Stephen Sorensen, Pioneer’s new chairman, president and chief executive officer, said these operations and lower gold prices have “undermined shareholders’ confidence” in the company’s ability to meet its financial obligations.

Specifically, he mentioned a 52,000-oz gold loan to the Chase Manhattan Bank of Canada and interest on a $12-million convertible loan owing to its largest shareholder, Pegasus Gold (TSE).

Pegasus owns about 9% of the company’s 22.8 million issued and outstanding shares. Sorensen recently acquired about 5% of Pioneer through purchases on the open market. The shares are trading at 70 cents in a 52-week range of 60 cents to $4.25.

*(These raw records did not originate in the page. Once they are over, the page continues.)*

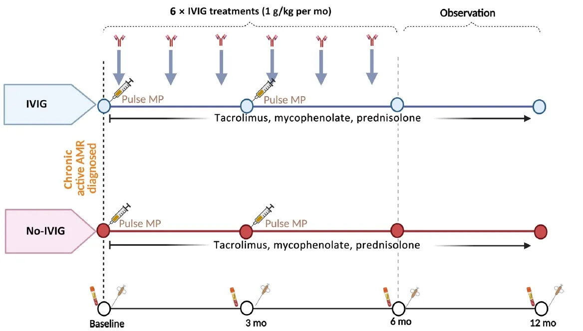 * **Intervenção**: IVIG 1 g/kg/mês × 6 meses vs. controle (sem IVIG), todos em imunossupressão padrão.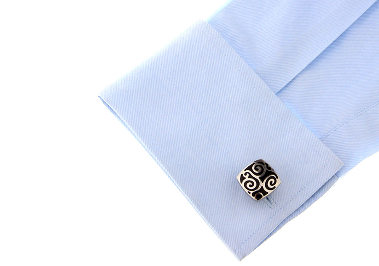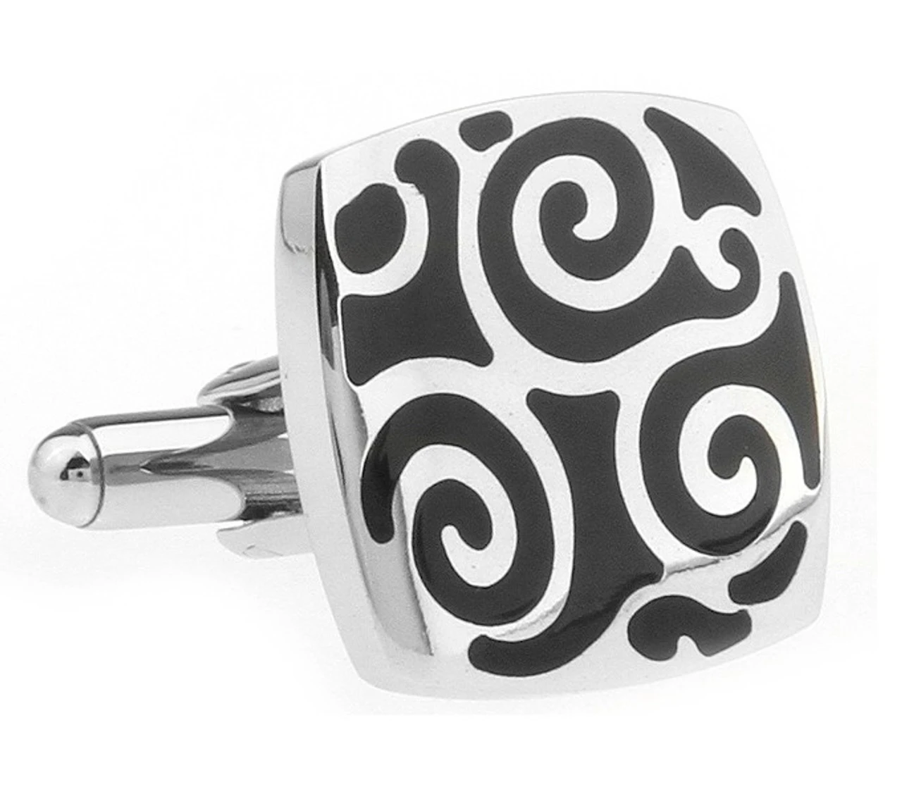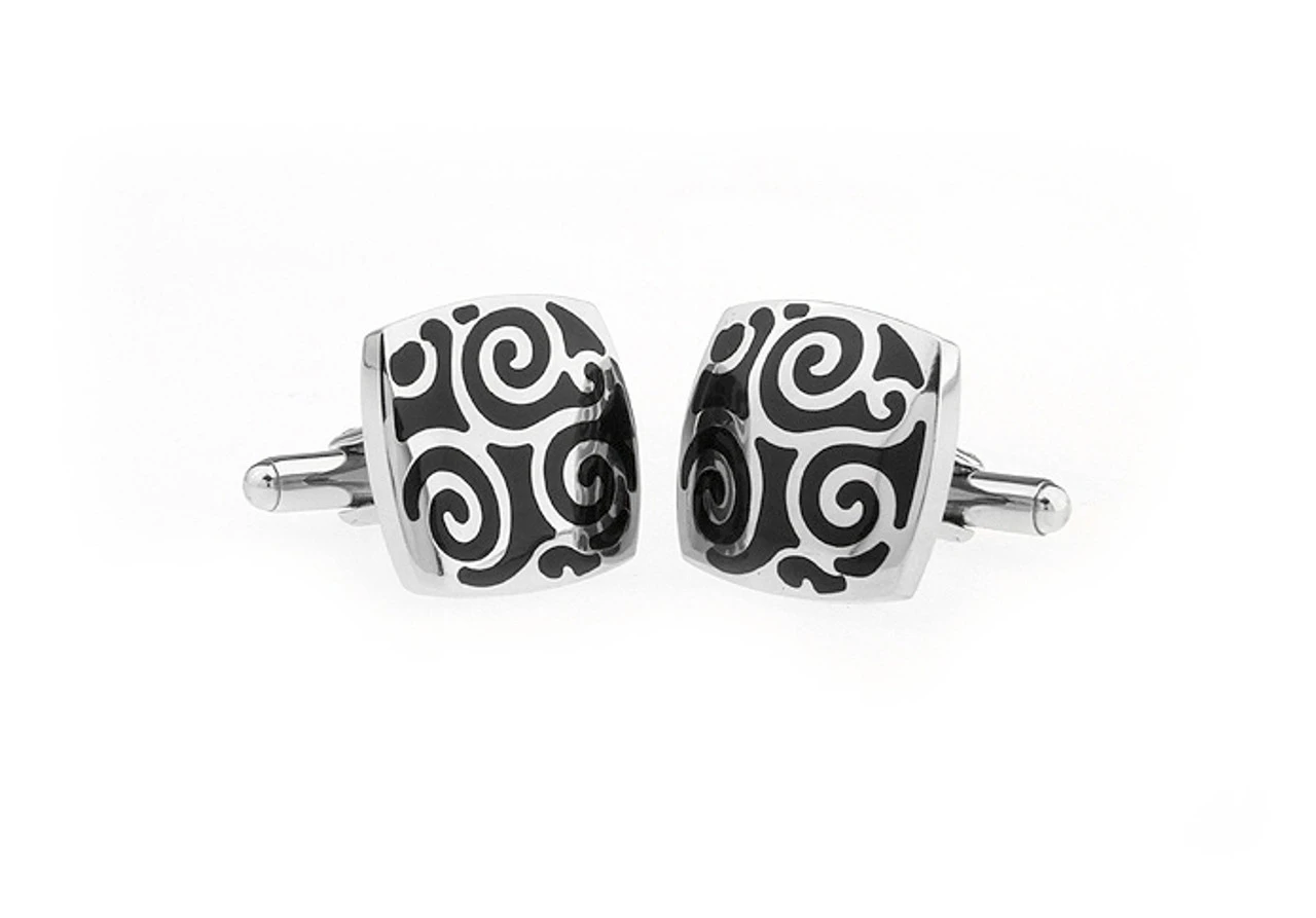 Black Scroll Stainless Steel Cufflinks (V-CF-230082SS)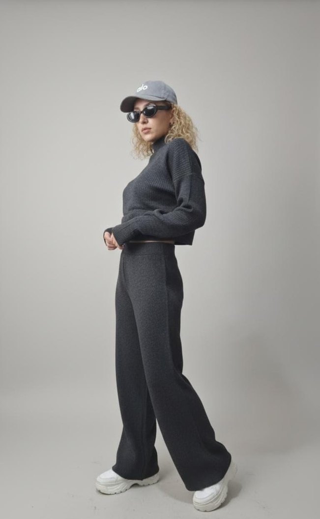 Gri renkli, yüksek yakalı ve uzun kollu kadın eşofman takımı, rahat kesimi ve yumuşak dokusuyla günlük kullanıma uygun şık bir görünüme sahiptir.

Although Sorensen reports that Pioneer has enough cash to meet its day-to-day requirements and the year-end interest payment to Pegasus, he will be seeking to restructure the corporate debt so the company can meet its repayment obligations.

Sorensen also plans to add new directors from the mining and financial sector to fill vacancies left by the departure of several directors, including Robert Willis, former president and chief executive officer. The board now consists of Sorensen, Stewart Blusson and Wayne Smith, all original founders of the company.

The new management team intends to seek joint venture partners for the 100%-owned Puffy Lake mine in Manitoba and the 100%- owned Bonito gold and silver project in New Mexico. The company will continue to operate the seasonal Stibnite gold mine in Idaho, but intends to seek joint venture partners for all its existing properties. The Premier gold mine is operated by Westmin Resources (TSE).